04 Haziran 2021

Orakcı

    Ot orakları bitmiş, yolmalar başlamış, olanlar fişneliğe gidip onunla uğraşmış, bu arada harman hazırlıklarında eksiği olan onları gidermiş; ama herkes sabırsızlıkla harmanın gelmesini bekler olmuştur. Bu gelişin habercisi ise oraklar, arpa oraklarıdır.

    Eğret'in rakımı ovalılara göre daha yüksek olduğundan ekinlerin olgunlaşması, orakların başlaması ovaya göre 10-15 gün daha geçtir. Bir başka deyişle ovada ekinler Eğret'inkilerden daha erken kurur. Eğret arazisinin genişliği ve bir bakıma İstanbul'un tahıl ambarı olması nedeniyle burada ileşberlik daha ustaca yapılır. Ova köylerinde ise toprak daha çok sebze yetiştirmeye uygun olduğundan köylü buna yönelmiştir. Yine de az da olsa ekilen arpanın biçilmesi onlara zor gelir. Eğretliler orak biçmede ustadırlar. Eskiden Eğret'te "goca ev" denilen ataerkil aile yapısı nedeniyle henüz arpa orakları başlamamışken rutin diğer işleri yürütecek kardeş ve çoluk çocuk da varsa evin genç bir ferdi erken başlayan ova köylerindeki ekinleri biçmek üzere 10-15 günlüğüne oraya gider. Bu orakçıdır. Amaç, kendi orakları başlayana kadar el harçlığı kazanmak.

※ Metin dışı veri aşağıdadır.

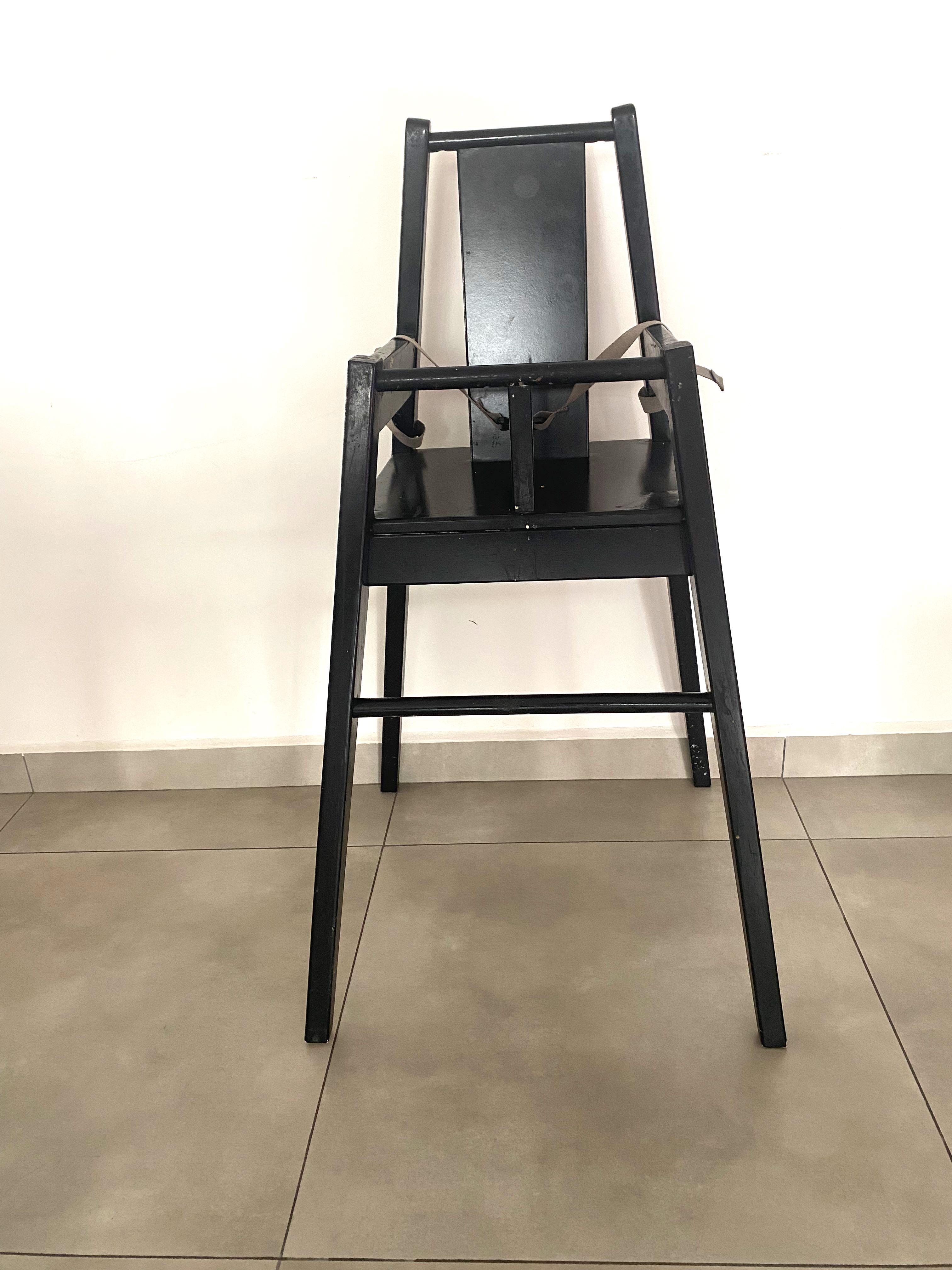 Stackable Kids Baby Wooden Feeding Commercial Home High Chair Black

    Eğret orakçılarının tercihi genellikle güneydeki Afyon ovası köyleri olmuştur. Bunlar Böyük Çorca (Fethibey), Güçcük Çorca (Sadıkbey), İnaz (Demirçevre), Ismeyilköyü, Elpirek (Saraydüzü) köyleridir. 

    Esasında orakcı turpanla orak biçen kimse demektir. Biraz daha kavramlaşması, yevmiyeyle birine orak biçen kimsenin adı olarak daralmasıyladır. Burada kendisinden bahsettiğimiz orakcı ise Eğret köyünden yukarıda adını saydığımız köylere belli süreliğine giden kişidir. Bu orakcı malzemelerini sırtlayıp ovaya varır. Malzeme dediğimiz de turpanı ve içinde örs-kekiş ile gayrak bulunan torbasıdır. Kimin ekini biçilecekse onun odasında yatıp kalkar. Onun işi oraktır. Gün doğarken başlar biçmeye, gün inerken bırakır. Odaya vardığında kösülmüş haldedir.

    Orak biçmek çok yorucudur, çünkü orakcının her tırpan sallayışında neredeyse bütün kasları çalışır. Bu işi bütün gün boyunca yaptığını düşünün. Ferk sonunda yapılması gereken gayraklama bazen ferk ortasına kayar. Bunun sebebi tırpanın körelmesi değil, orakcının yorulmasıdır. Gayraklama bahanesiyle biraz nefeslenecektir. Bu yüzden gayrak orakcının belinde veya götcebindedir. Boyunda ise sürekli bulundurulan bir çevre vardır ki sık sık ter silinebilsin. Uzun dinlenme arasında, genelde öğle yemeğinden sonra torbadan örs çıkarılarak toprağa saplanır ve bir ritim tutturmuş tık tıklarla kekişleme yapılır. Böylece keskinliği artan tırpanla çalışmak daha az enerjiye mal olur.

    Traktöre takılan biçme makinelerinden sonra tırpan ancak makinenin yanaşmadığı köşe ve azat altlarını biçmede kullanıldı. Zamanla döyerbiçer yaygınlaşınca artık ona da gerek kalmadı tırpan tamamen kullanımdan düştü. Böylece orak ve orakcı kavramı da tarih oldu.